Forecast using the historical mean


The first baseline or naive forecast method we will use is the historical mean. Here, we calculate the mean weekly power consumption across the training dataset.

PYTHON

# get the mean of the training set
historical_mean = np.mean(train['INTERVAL_READ'])
print("Historical mean of the training data:", historical_mean)

OUTPUT

Historical mean of the training data: 120.7503157894737

We then use this value as the value of the weekly forecast for all four weeks of the test dataset.

PYTHON

test.loc[:, 'pred_mean'] = historical_mean

Plotting the forecast shows that the same value has been applied to each week of the test dataset.

PYTHON

fig, ax = plt.subplots()
 
ax.plot(train['INTERVAL_READ'], 'g-.', label='Train')
ax.plot(test['INTERVAL_READ'], 'b-', label='Test')
ax.plot(test['pred_mean'], 'r--', label='Predicted')
ax.set_xlabel('Date')
ax.set_ylabel('Weekly power consumption')
ax.legend(loc=2)

fig.autofmt_xdate()
plt.tight_layout()
Plot of total weekly readings from a single meter, January - June, 2019
Plot of total weekly readings from a single meter, January - June, 2019

The above plot is a qualitative method of evaluating the accuracy of the historical mean for forecasting our time series.
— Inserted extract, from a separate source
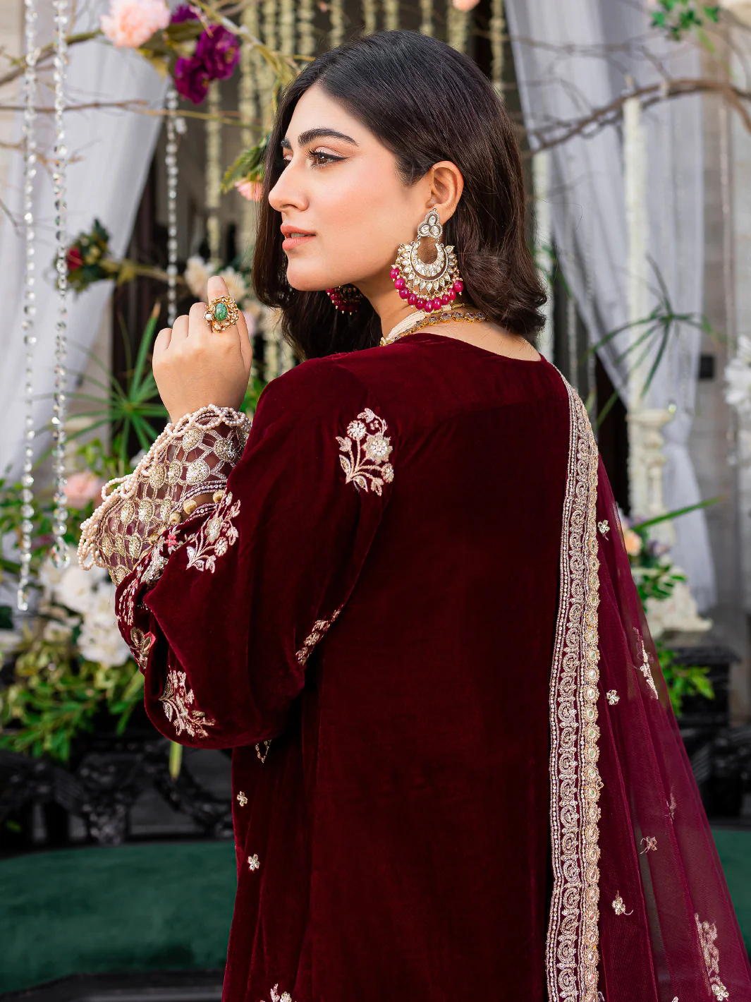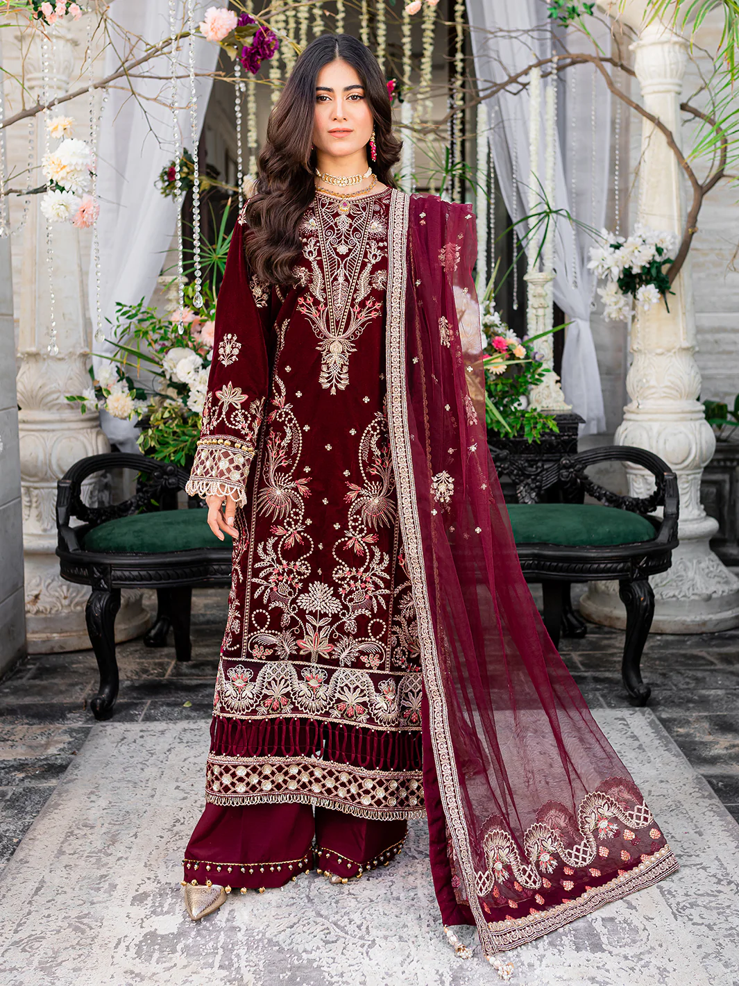 Elegance meets opulence with 'Afreen' from Heeriye by Izel Apparel. This maroon beauty is the epitome of luxury, with its embroidered velvet front, embroidered left and right panels and captivating details. Velvet sleeves and organza accents add grace to your attire, while the plain velvet back creates a stunning contrast. With an embroidered net dupatta and dreamy organza pallus, it's your go-to for special occasions. Complete the look with a comfy raw silk trouser. Elevate your style with the timeless allure of 'Afreen'!
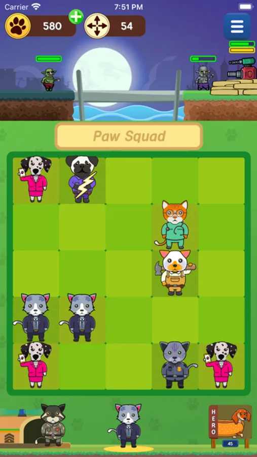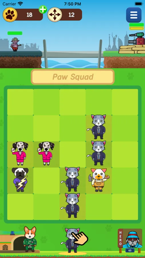 Each new character placed on the battlefield gives you some amount of Paw Coins. Use them to purchase Support Units or Heroes. Any of them may help you a lot!

Intuitively, we can see that it is not very accurate.

Quantitatively, we can evaluate the accuracy of the forecasts based on the mean absolute percentage error. We will be using this method to evaluate all of our baseline forecasts, so we will define a function for it.

PYTHON

# Mean absolute percentage error
# measure of prediction accuracy for forecasting methods

def mape(y_true, y_pred):
    return np.mean(np.abs((y_true - y_pred)/ y_true)) * 100

Now we can calculate the mean average percentage error of the historical mean as a forecasting method.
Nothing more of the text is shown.